[[ Material for this task open ]]

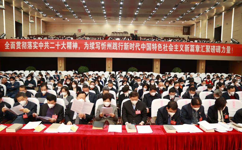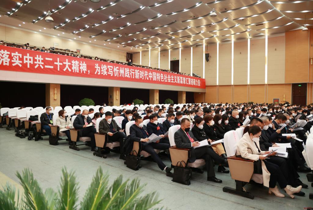 晉控集團忻州會議中心千人會堂內(nèi)外布置簡樸,莊嚴隆重。會場內(nèi),燈光璀璨,氣氛熱烈。大會主席臺正中懸掛著政協(xié)會徽,在十面鮮艷紅旗的映襯下熠熠生輝。會場后方高高懸掛著大紅條幅:全面貫徹落實中共二十大精神,為續(xù)寫忻州踐行新時代中國特色社會主義新篇章匯聚磅礴力量!
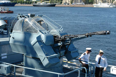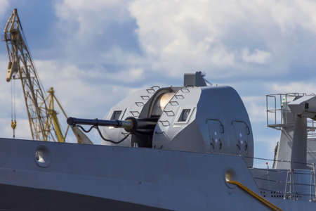 Modern naval main gun mounted on the maritime action warship use for naval warfare.
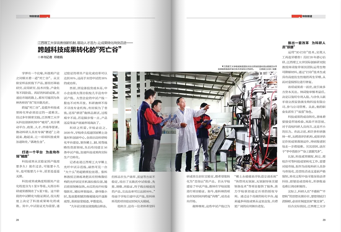 跨越“死亡谷 ”,是提升科技成果转化率必须迈过的一道难关。经过多年探索实践,江西理工大学从科技创新机制中“破局 ”,充分调动平台、政策、人才、市场等要素,推动科研人员在专属“赛道”上动起来、跑起来,让一项项科技成果加速转化、“落地生金 ”。
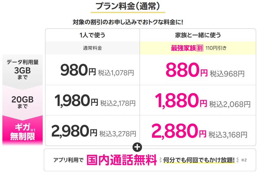 プランは下記の通り、データ通信量によって異なりますが、20GB以上を利用する人は、2,980円で使い放題なのでお金を気にせず通信が可能です。
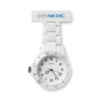 These Medical Watches are a pretty fancy. Manufactured from ABS Plastic this analogue watch is perfect for use in the medical sector and a great way to get your brand seen on a constant basis. Available White only, we print print along the top clip of the watch only and remember – if your artwork fits, we’ll print it on there for you. Batteries included.
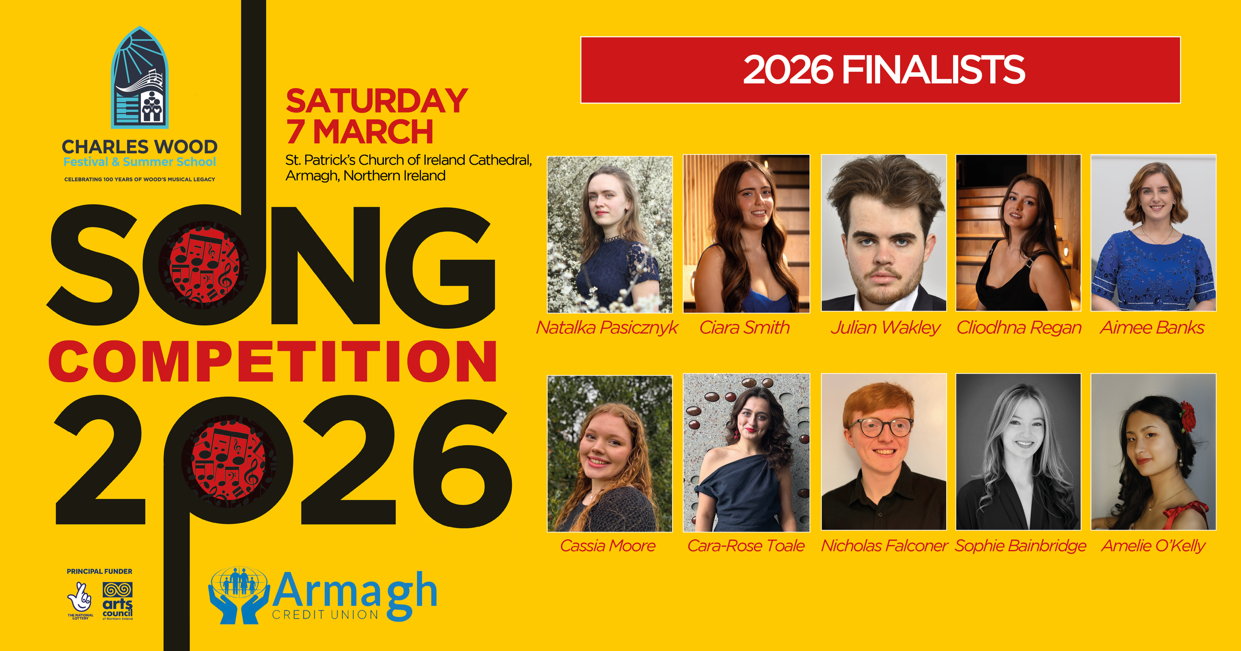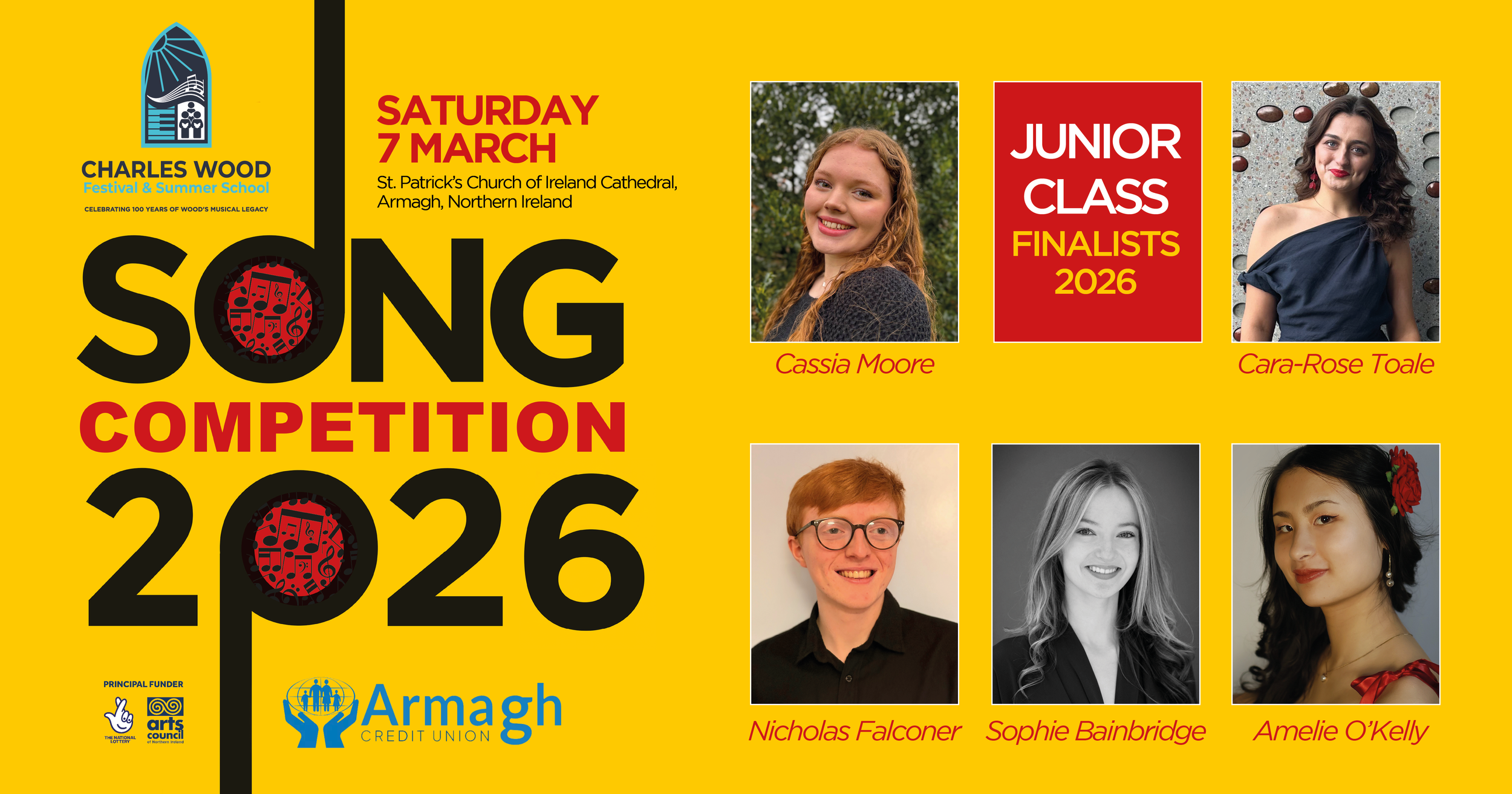 Thanks to the generous support of Armagh Credit Union, the competition boasts substantial cash prizes, including a £1,000 award for the winner of the Senior Class. In addition to financial support, finalists will have the opportunity to win the Dame Felicity Lott Song Prize, awarded for the most engaging performance of a Charles Wood song. Beyond the prizes, the competition provides career-enhancing performance opportunities, making it a key stepping stone for young singers. We’re also indebted to the support and funding from Arts Council Northern Ireland Lottery Funding.

[[ Material for this task closed ]]

**Action item:**
Starting at the line that contains "These Medical Watches", output every line through the end of the data, both ends included, and nothing else; pictures stay out.

**Reply to the task:**
 These Medical Watches are a pretty fancy. Manufactured from ABS Plastic this analogue watch is perfect for use in the medical sector and a great way to get your brand seen on a constant basis. Available White only, we print print along the top clip of the watch only and remember – if your artwork fits, we’ll print it on there for you. Batteries included.
 Thanks to the generous support of Armagh Credit Union, the competition boasts substantial cash prizes, including a £1,000 award for the winner of the Senior Class. In addition to financial support, finalists will have the opportunity to win the Dame Felicity Lott Song Prize, awarded for the most engaging performance of a Charles Wood song. Beyond the prizes, the competition provides career-enhancing performance opportunities, making it a key stepping stone for young singers. We’re also indebted to the support and funding from Arts Council Northern Ireland Lottery Funding.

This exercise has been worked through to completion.